■ EXTRACTED INFORMATION:
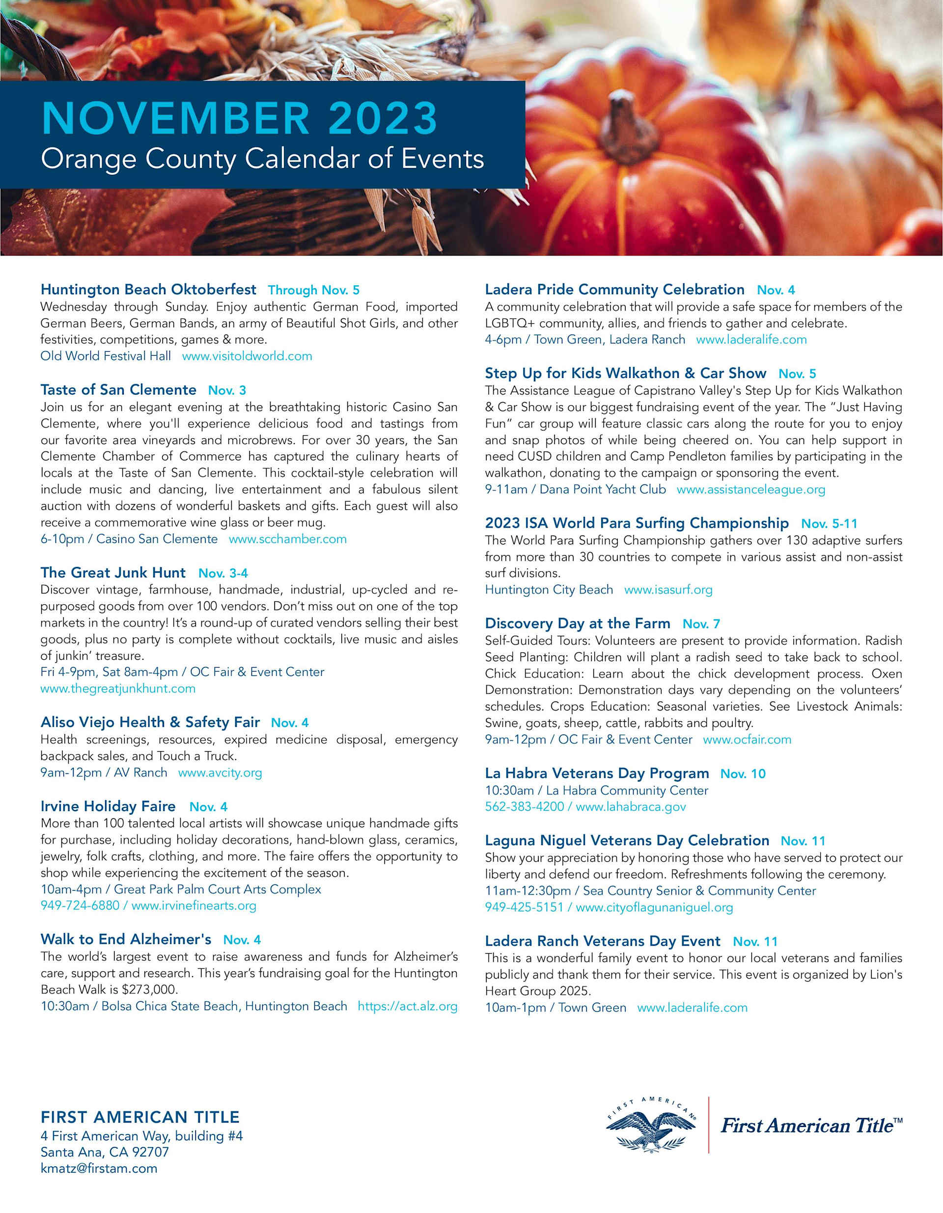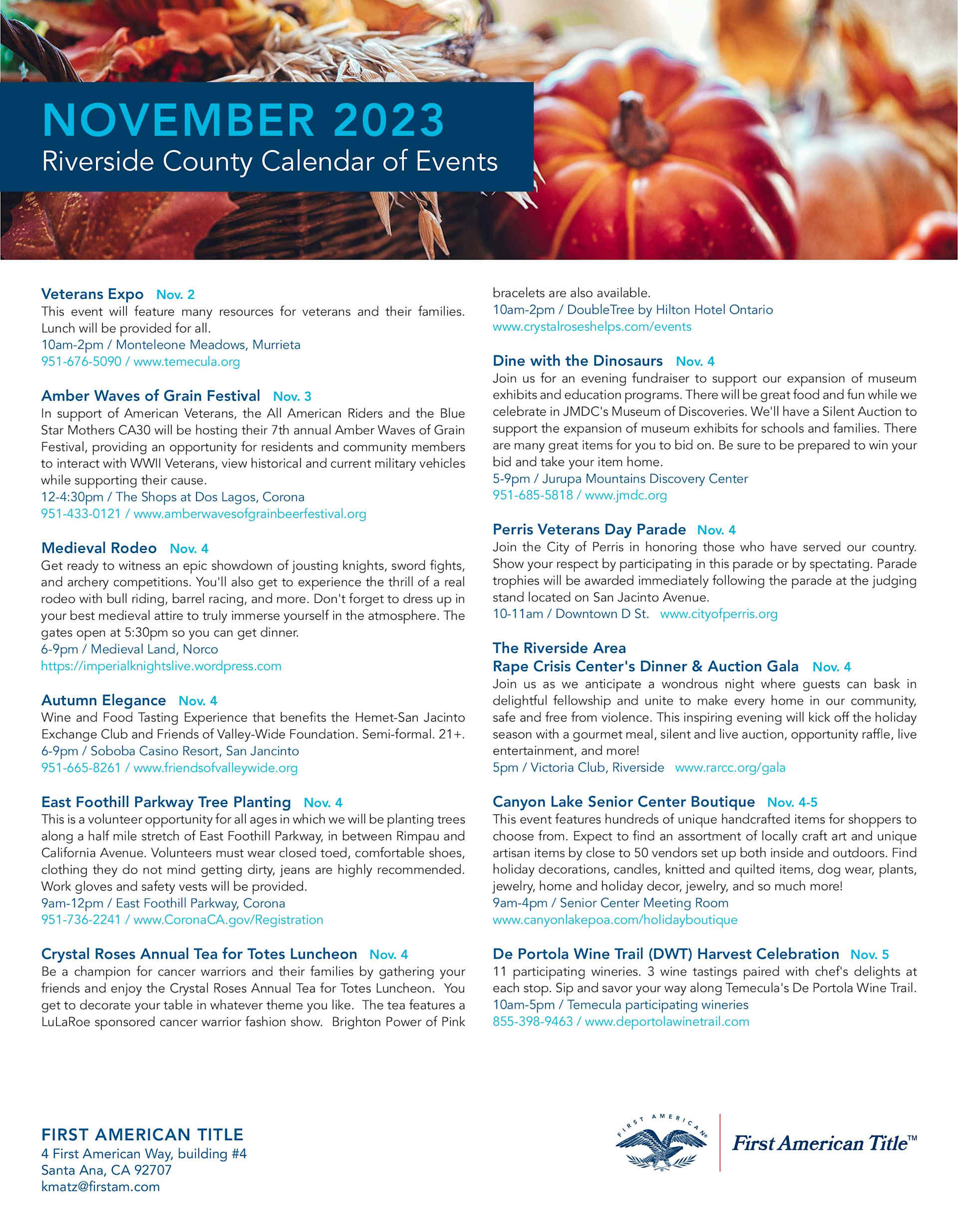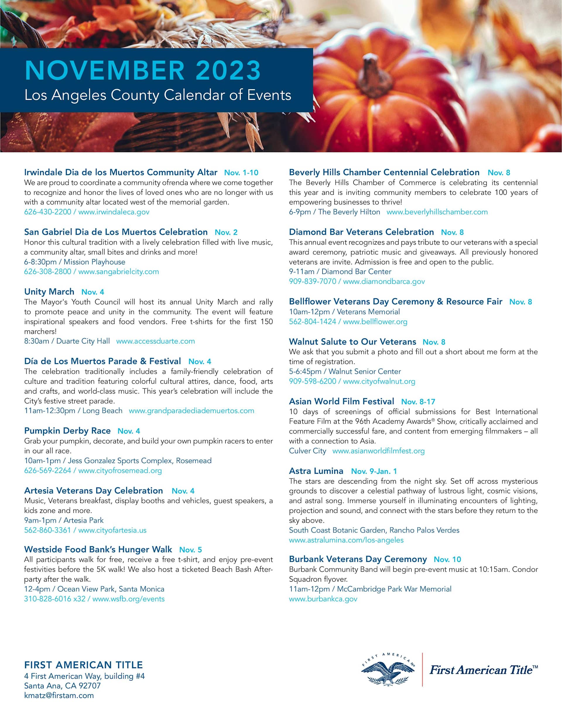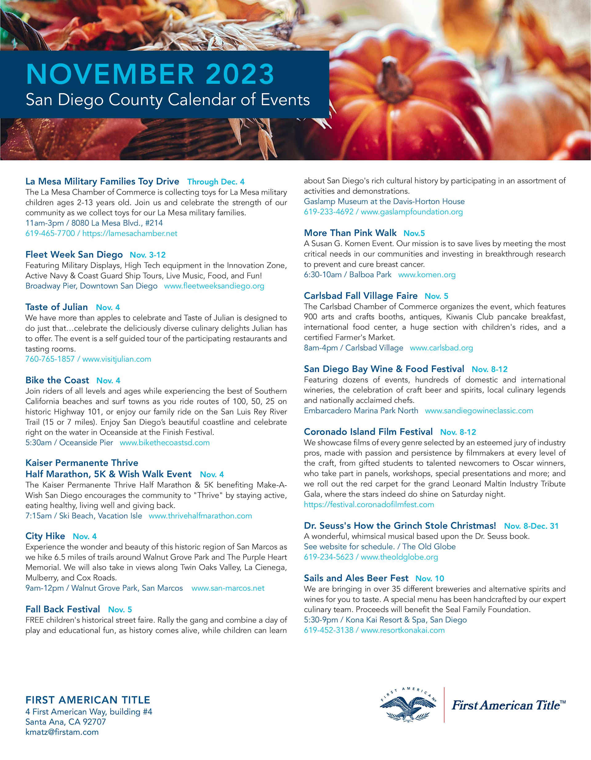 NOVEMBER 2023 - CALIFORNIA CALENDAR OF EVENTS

---

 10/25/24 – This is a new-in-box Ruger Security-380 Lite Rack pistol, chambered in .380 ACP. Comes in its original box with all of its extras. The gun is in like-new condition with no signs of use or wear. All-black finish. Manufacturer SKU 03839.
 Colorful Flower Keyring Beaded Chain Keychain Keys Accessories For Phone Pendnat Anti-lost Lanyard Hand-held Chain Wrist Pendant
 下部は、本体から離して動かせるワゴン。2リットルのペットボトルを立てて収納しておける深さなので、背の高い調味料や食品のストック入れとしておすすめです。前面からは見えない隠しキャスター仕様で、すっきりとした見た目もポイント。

■ WORK ORDER:
Please copy the lines in the records above between the one holding "10/25/24 – This" and the one holding "下部は、本体から離して動かせ", inclusive, exactly and with no other line.

■ YOUR RESPONSE:
 10/25/24 – This is a new-in-box Ruger Security-380 Lite Rack pistol, chambered in .380 ACP. Comes in its original box with all of its extras. The gun is in like-new condition with no signs of use or wear. All-black finish. Manufacturer SKU 03839.
 Colorful Flower Keyring Beaded Chain Keychain Keys Accessories For Phone Pendnat Anti-lost Lanyard Hand-held Chain Wrist Pendant
 下部は、本体から離して動かせるワゴン。2リットルのペットボトルを立てて収納しておける深さなので、背の高い調味料や食品のストック入れとしておすすめです。前面からは見えない隠しキャスター仕様で、すっきりとした見た目もポイント。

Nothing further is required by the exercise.